BEGIN Data segment

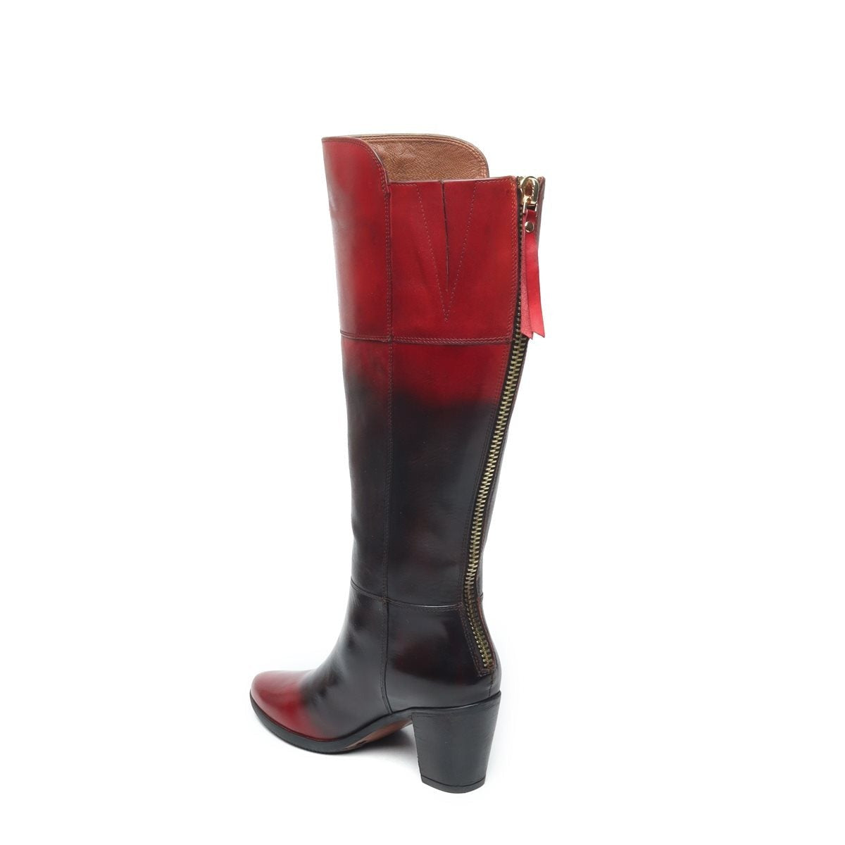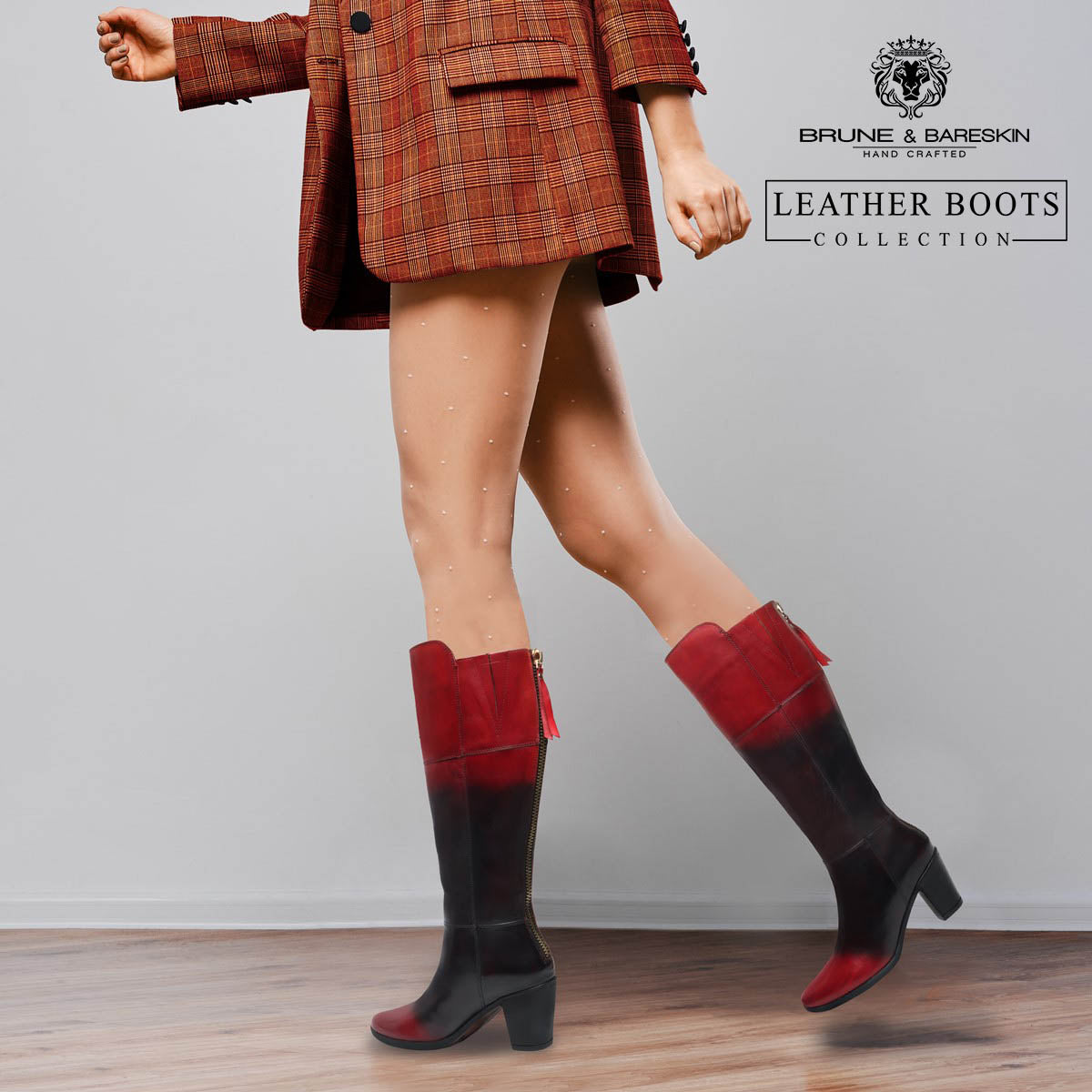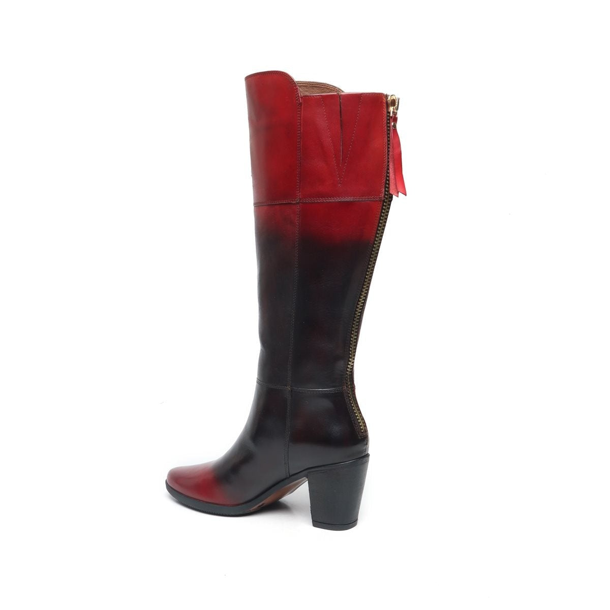 Knee Height Blocked Heel Boots with Dual Tone Black-Wine Genuine Leather By Brune & Bareskin
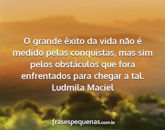 O grande êxito da vida não é medido pelas conquistas, mas sim pelos obstáculos que fora enfrentados para chegar a tal.Ludmila Maciel
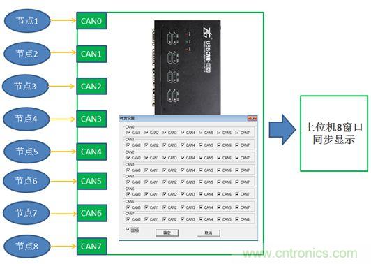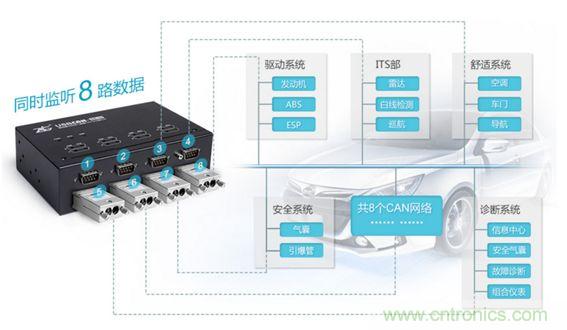 若將每個節(jié)點單獨取出做測試,則必然破壞原有通信規(guī)則。如何在不破壞原有通信的基礎上搞清楚一個陌生的收發(fā)協(xié)議呢?所謂工欲善其事,必先利其器。您需要一個能同時收發(fā)、轉送多路CAN數(shù)據(jù)的CAN卡,USBCAN-8E-U正是為這種應用而生。
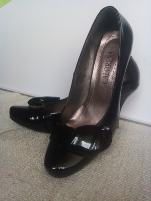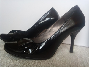 продаются туфли, т. к. в связи с травмой нельзя ходить на каблуках: 1-новые, 38 размер, лакированые, иск. кожа, 700 руб.

END Data segment

Problem :: Write the listing out exactly, apart from its pictures.

Answer box ::
 Knee Height Blocked Heel Boots with Dual Tone Black-Wine Genuine Leather By Brune & Bareskin
 O grande êxito da vida não é medido pelas conquistas, mas sim pelos obstáculos que fora enfrentados para chegar a tal.Ludmila Maciel
 若將每個節(jié)點單獨取出做測試,則必然破壞原有通信規(guī)則。如何在不破壞原有通信的基礎上搞清楚一個陌生的收發(fā)協(xié)議呢?所謂工欲善其事,必先利其器。您需要一個能同時收發(fā)、轉送多路CAN數(shù)據(jù)的CAN卡,USBCAN-8E-U正是為這種應用而生。
 продаются туфли, т. к. в связи с травмой нельзя ходить на каблуках: 1-новые, 38 размер, лакированые, иск. кожа, 700 руб.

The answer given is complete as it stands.